While in standard mode the print is executed only once (when calling build) and run schedules execution of already defined graph in the backend.

[5]:
pipe = simple_pipeline_with_print(debug=False)
pipe.build()
for _ in range(5):
    pipe.run()
DataNode(name="__File_13[0]", device="cpu")

Additional features

Debug mode provides some additional features for data manipulation. For example we can visualize the data that is produced as intermediate step in the pipeline.

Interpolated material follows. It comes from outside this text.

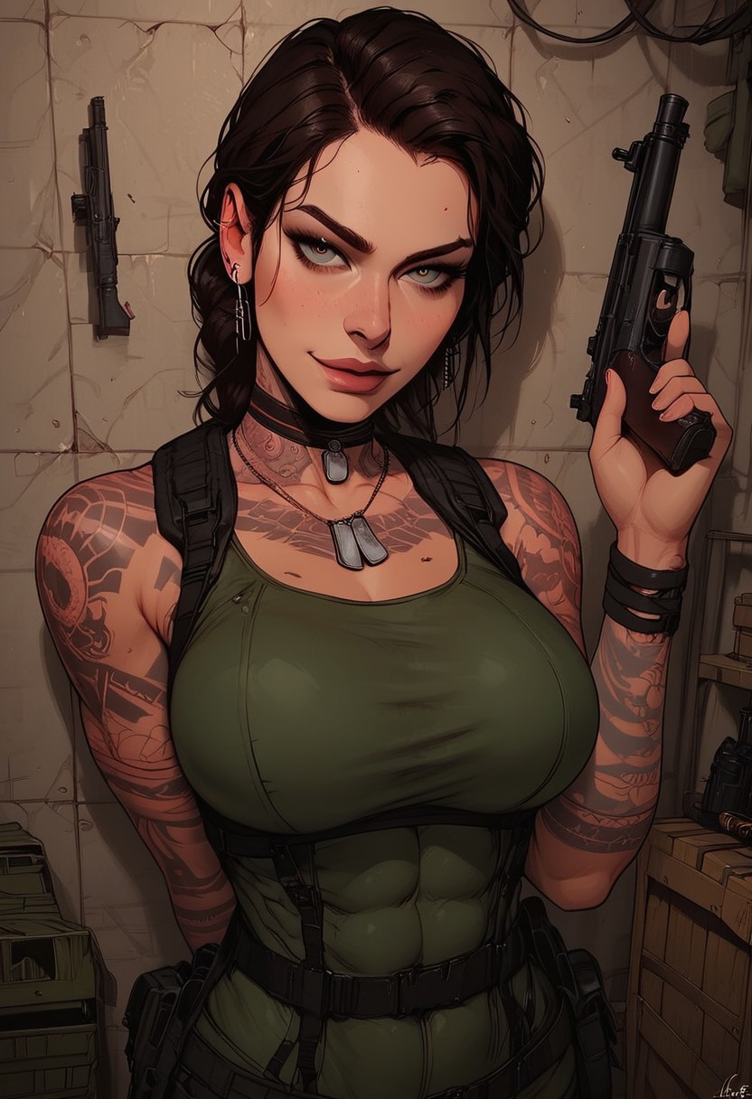 Score_9, Score8_up, Score_7_up, (((High Resolution, Best Quality))), 1girl, solo, toned arms, Covered in Tattoos, neck tattoos, hair tied up, revealing bodysuit, tactical, military gear, large breasts, choker, dog tags, ear piece, call of duty, seducing, seductive, flirty, tender, loving, playful, looking at viewer, smug, Leaning against wall, holding gun, inspecting gun, inside, Military, military base, military barracks, cots, crates, military boxes, guns, bullets, supplies,

First, let’s define a helper function that can be used to show a batch of images.

[6]:
import matplotlib.gridspec as gridspec
import matplotlib.pyplot as plt
%matplotlib inline

def show_images(image_batch):
    columns = 4
    rows = (max_batch_size + 1) // (columns)
    plt.figure(figsize = (32,(32 // columns) * rows))
    gs = gridspec.GridSpec(rows, columns)
    for j in range(rows*columns):
        plt.subplot(gs[j])
        plt.axis("off")
        plt.imshow(image_batch.at(j))

Data access

By calling .get() on a DataNodeDebug returned by an operator, you can access the underlying TensorList directly, which is not possible with a standard DataNode.

[7]:
@pipeline_def(batch_size=8, num_threads=1, device_id=0, debug=True)
def simple_pipeline_with_show():
    jpegs, labels = fn.readers.file(file_root=image_dir, random_shuffle=True)
    images = fn.decoders.image(jpegs, device='cpu')

    show_images(images.get())

    rotated_images = fn.rotate(images, angle=10.0, fill_value=0)

    return rotated_images, labels


pipe = simple_pipeline_with_show(debug=True)
pipe.build()
pipe_out = pipe.run()
../../_images/examples_general_debug_mode_14_0.png

You can check shape of the data.

[8]:
iter = 0

@pipeline_def(batch_size=8, num_threads=1, device_id=0, debug=True)
def simple_pipeline_with_shape():
    jpegs, labels = fn.readers.file(file_root=image_dir, random_shuffle=True)
    images = fn.decoders.image(jpegs, device='cpu')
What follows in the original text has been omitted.